2016 - 2017

Definitions, inclusion criteria and explanations for the 2016 - 2017 trust results

Patient inclusion and data sources

The majority of these results are for patients in England and Wales diagnosed with bowel cancer 1 Apr 2016 – 31 Mar 2017. The exceptions are for 2-year mortality and 18-month stoma rate. Two-year mortality estimates include patients undergoing a major resection between 1 April 2014 and 31 March 2015. 18-month stoma rates include rectal cancer patients undergoing a major resection between 1 April 2013 and 31 March 2016.

The Audit dataset is linked to Hospital Episode Statistics (HES) and Patient Episode Database for Wales (PEDW) at the patient level to obtain further information on patient care and follow-up such as stoma reversal and emergency readmissions in England/Wales. The dataset also links to Office of National Statistics records.

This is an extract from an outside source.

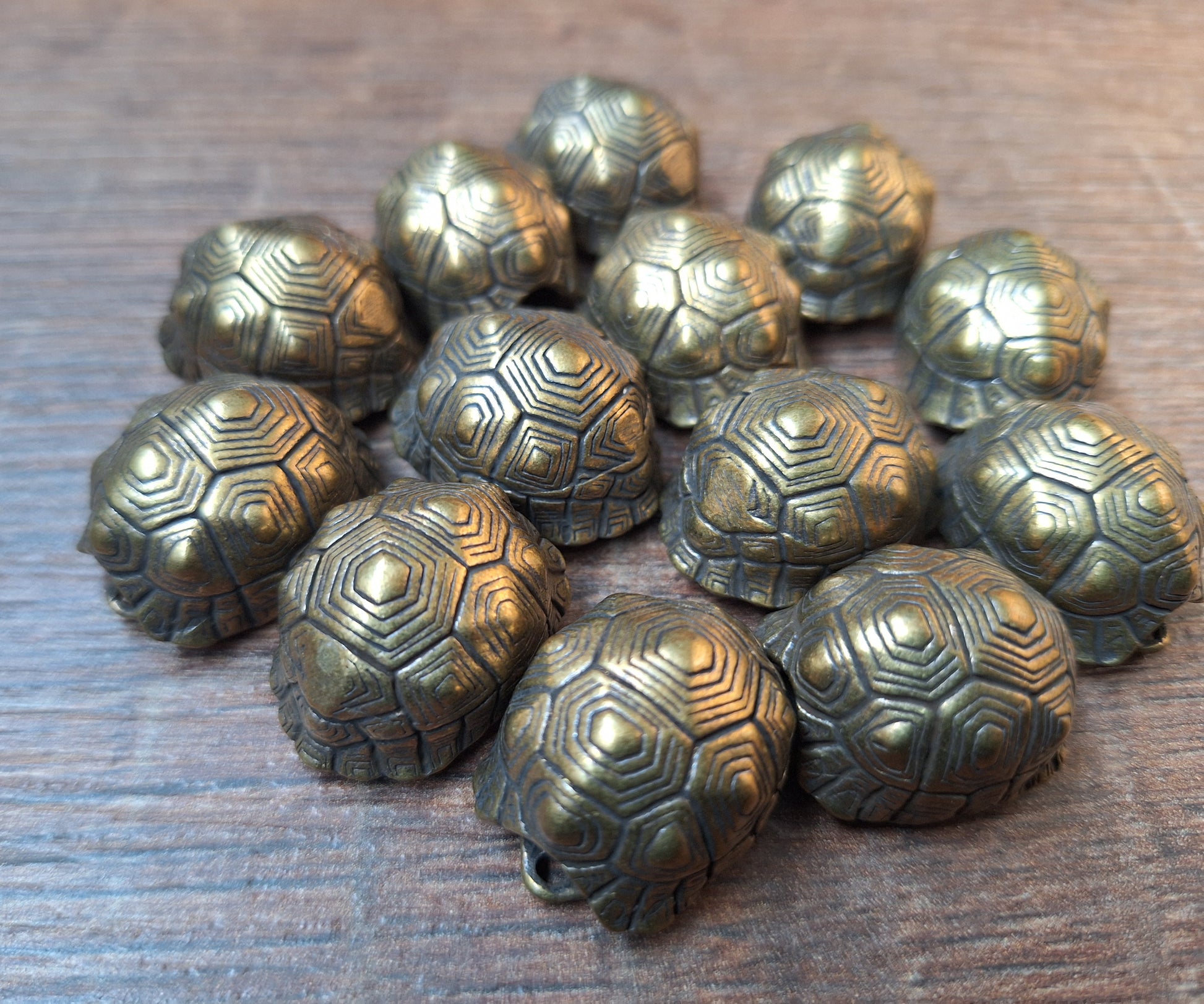 These bronze bells are made in China and measure approximately 20 millimeters wide, 28 millimeters high and 18 millimeters deep.

These provide information about date, place and cause of death.

NBOCA also links to the National Radiotherapy Dataset (RTDS) for information on radiotherapy treatment in England, and the Systemic Anti-Cancer Therapy database (SACT) for information on chemotherapy treatment in England. In addition, the audit linked to the National Emergency Laparotomy Audit (NELA) for the first time this year. This provides information on emergency bowel cancer operations.

Data Quality

Data completeness

% of relevant patient group with useable value of data item.

Case ascertainment

Number of patients reported to the Audit as a percentage of the number of patients admitted for the first time to the trust/network with a diagnosis of bowel cancer within the audit period according to HES/PEDW. This can be larger than 100 if more patients are reported to the Audit than identified in HES/PEDW.

Data completeness

% of relevant patient group with useable value of data item.

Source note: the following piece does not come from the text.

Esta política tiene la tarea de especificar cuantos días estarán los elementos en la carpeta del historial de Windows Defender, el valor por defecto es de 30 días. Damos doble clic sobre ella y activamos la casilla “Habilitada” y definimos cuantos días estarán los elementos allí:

7 audit items for risk-adjustment

The per cent of patients with complete data items on all of age, sex, ASA grade, pathological T-stage, pathological N-stage, distant metastases and site of cancer.

ASA grade

% of patients recorded as having a major resection who have a particular ASA grade recorded, or no ASA recorded.

Management of all patients

No major resection: too little cancer

Those undergoing a local resection of polypectomy.

No major resection: too much cancer

No excision and reason for no treatment includes advanced stage cancer OR no excision and non-curative intent and metastatic disease.

No major resection: too frail

not in too much cancer group AND no excision and reason for no treatment includes significant co-morbidity OR no excision and performance status 3 or 4.

No major resection: unknown/other reason:

no excision and does not meet any of the above criteria.

Management of patients having major resection

At least 12 lymph nodes excised (%)

% of colon cancer patients undergoing major resection with a recorded number of lymph nodes, who had at least 12 lymph nodes examined.

Rectal cancer patients

Neo-adjuvant therapy (%)

% of rectal cancer patients having short- or long-course radiotherapy prior to major resection.

Circumferential resection margin: Negative (%)

% of rectal cancer patients undergoing major resection whose CRM is reported to be negative.

Circumferential resection margin: Present (%)

% of rectal cancer patients undergoing a major resection who have a recorded CRM.

APER rate (%)

% of patients with rectal cancer undergoing abdominoperineal excision of the rectum and therefore having a permanent stoma.

Compare trust outcomes

Funnel plots display trust risk-adjusted outcomes for 90-day mortality, 30-day unplanned readmission, 2-year mortality and, for rectal cancer patients, 18-month stoma rate. The funnel regions represent the 95 per cent limit and the 99.8 per cent limit for trusts compared to the national average. Those trusts with results outside the outer (99.8 per cent) limit are considered potential outliers.

Risk adjustment is performed using the seven items listed under Data Quality as well as mode of admission (elective/emergency) and number of co-morbidities according to HES/PEDW, and an interaction between age and distant metastases. Missing values are imputed using Multiple Imputation. The model for two-year mortality additionally includes interactions between follow-up time (0-3 months after surgery vs. 3-24 months after surgery) and all of the risk factors.

A stoma is considered to be reversed if a HES/PEDW record with relevant code is identified within 18 months of the initial surgical procedure.